墨田大祐(パンチアウト)vs石垣芙季(UNITED)

4勝(2KO)1敗の墨田、4勝(2KO)3敗の石垣。お互いに2度目の新人王トーナメント、年齢は23歳の墨田に対して33歳の石垣、10歳差。再戦となるようです。

鋭いジャブを突く墨田、石垣は時折パワフルな連打を見せます。リーチのある墨田に対して、中に入りたい石垣はボディから入ります。両者ともにキビキビとした動きで良いですね。

2R、頭を振って距離を詰める石垣。墨田は距離の作り方が上手く、コンビネーションとステップワークで懐の深さを活かして墨田の攻撃をいなします。

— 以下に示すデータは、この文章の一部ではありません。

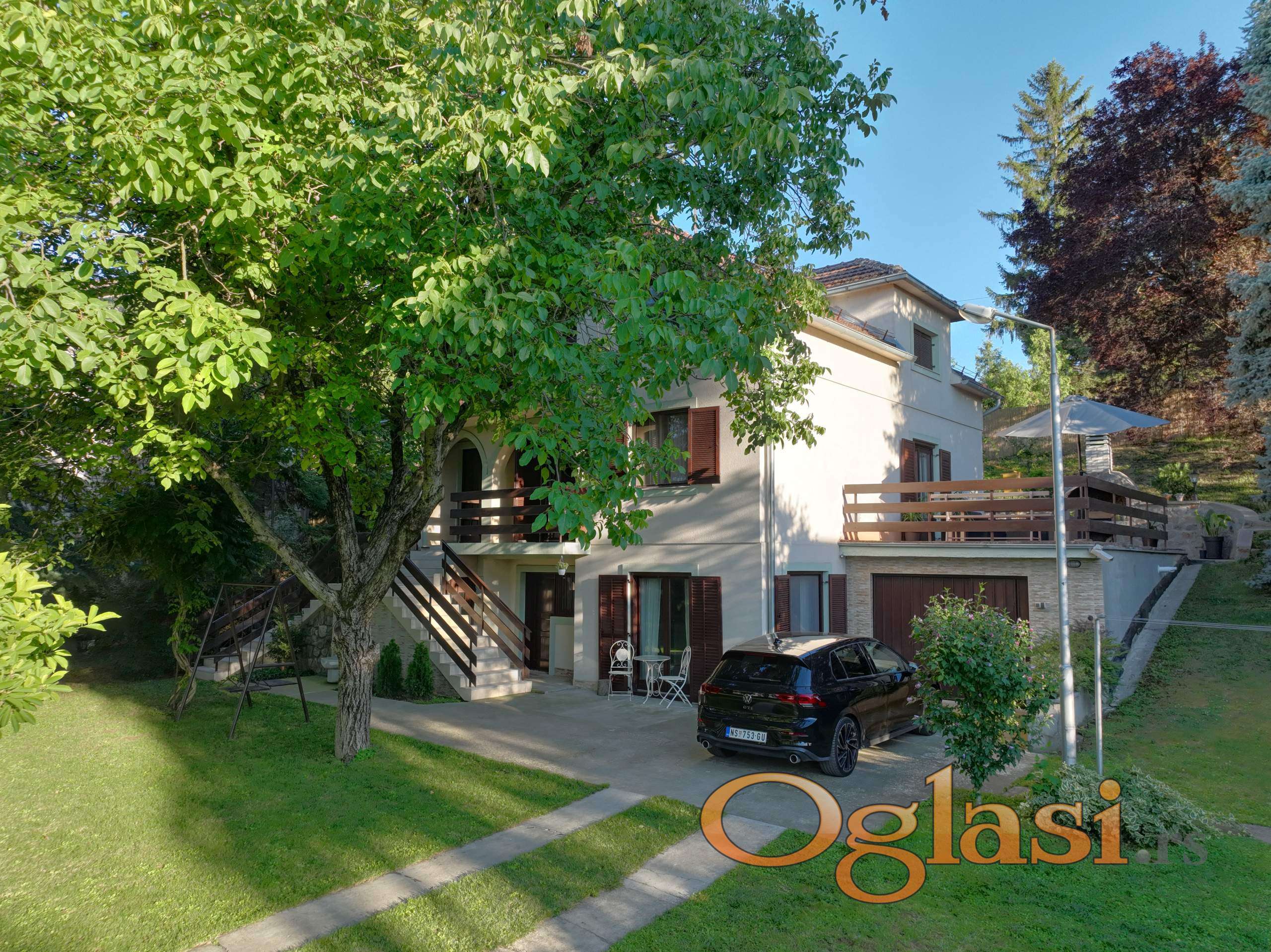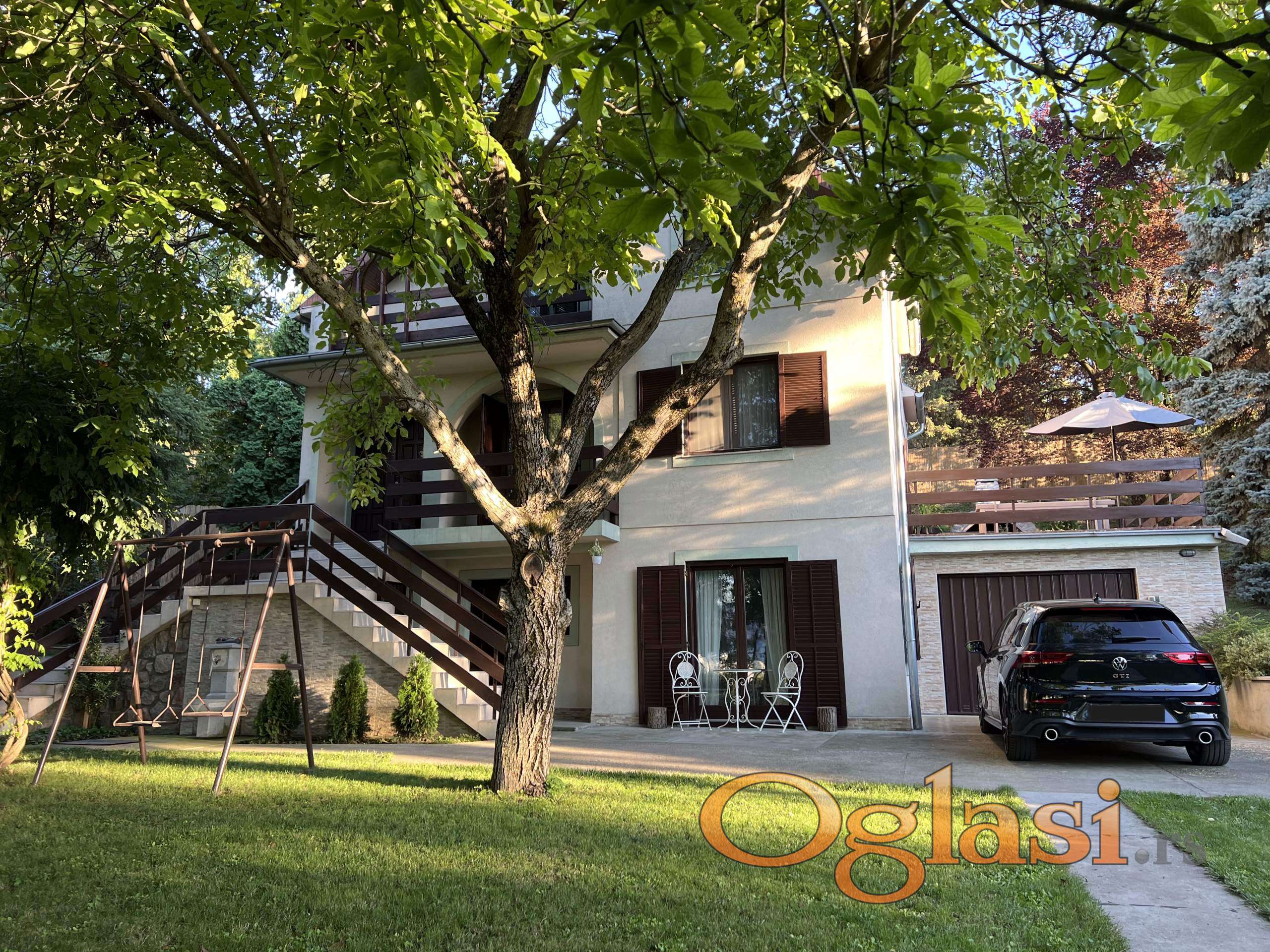 Kuća se sastoji od tri sprata: suteren, prizemlje i visoko potkrovlje. Dve kuhinje (velika u prizemlju, manja u suterenu), dva kupatila i toalet sa vešerajem, četiri spavaće sobe (jedna spavaća soba spojena sa garderoberom). Velika terasa sa zidanim roštiljem, povezana sa kuhinjom. Garaža (26 m2) sa kotlarnicom i 5 parking mesta u dvorištu.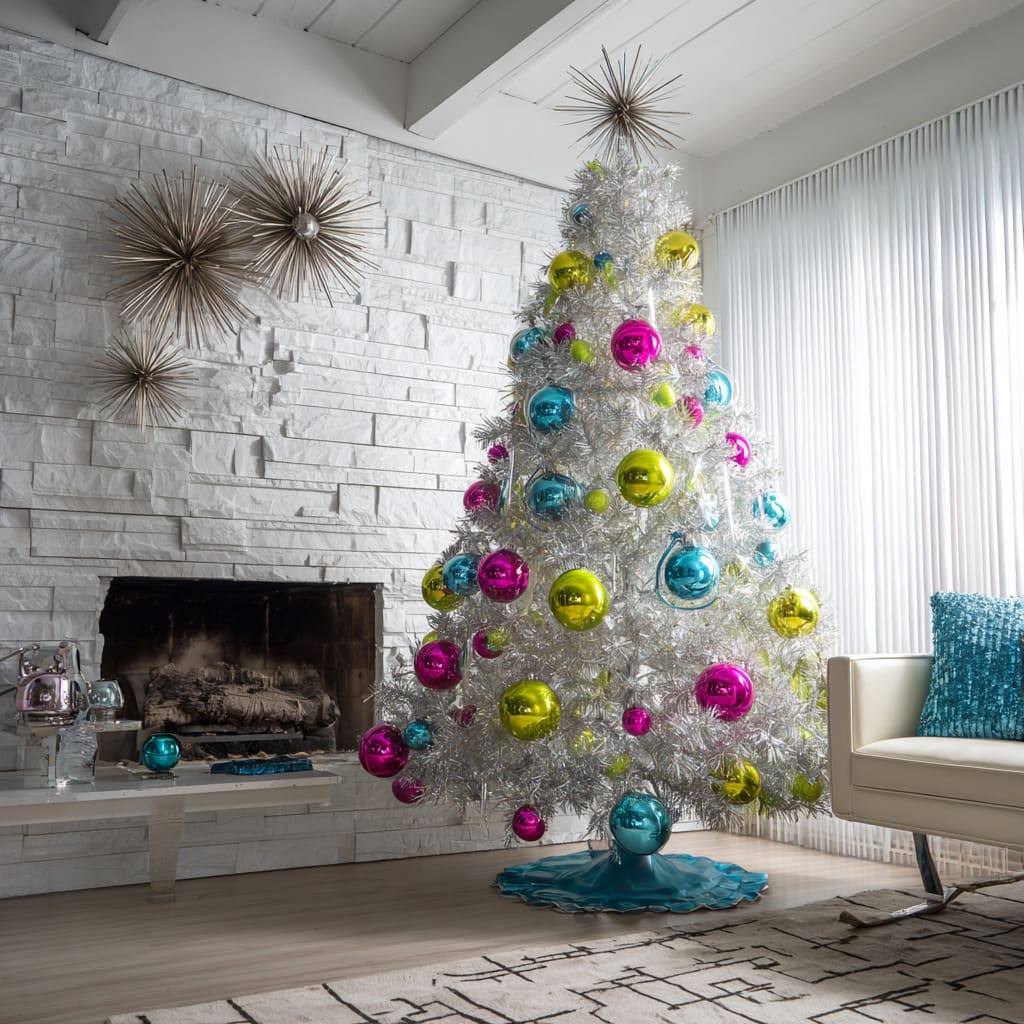 Aluminum trees, jewel-toned glass, and sputnik stars speak to the jet-age fantasy of optimism and design clarity.

3R、序盤にボディを起点に中に入った石垣、連打を繰り出します。後半にもしつこいボディを繰り出し、墨田は少しボディを嫌がるそぶり。墨田は小気味よいコンビネーションで対抗し、終盤に右カウンター!このパンチで、だと思いますが石垣は左眉のあたりをカット。

 

4R、非常に速い展開で、ともにクリーンヒットを奪い合う展開。中盤に石垣の出血がひどく、一度のドクターチェック。このラウンドは石垣の出血により元気になった墨田、明らかに動きにキレが出ています。

そして墨田が左フックを決めたところでレフェリーがタイムを要求、ドクターチェックのあと試合はストップ。

墨田大祐、4RTKO勝利で東日本新人王に!

お見事な戦いぶりでした、墨田。このボクサーはアマ経験もあるんですね、非常にしっかりとした基礎を持っていますね。この試合後半に見せた、細かなステップワークは武器になります。距離感も非常に良さそうで、ジャブがよく伸びます。

ジム初の新人王とのこと、今後も楽しみなボクサーですね。

ライトフライ級

加藤幸海(ワタナベ)vs坂間叶夢(ワールドスポーツ)

2勝2KO無敗の加藤、3勝3KO無敗の坂間。20歳と18歳。新人王戦っぽいですね。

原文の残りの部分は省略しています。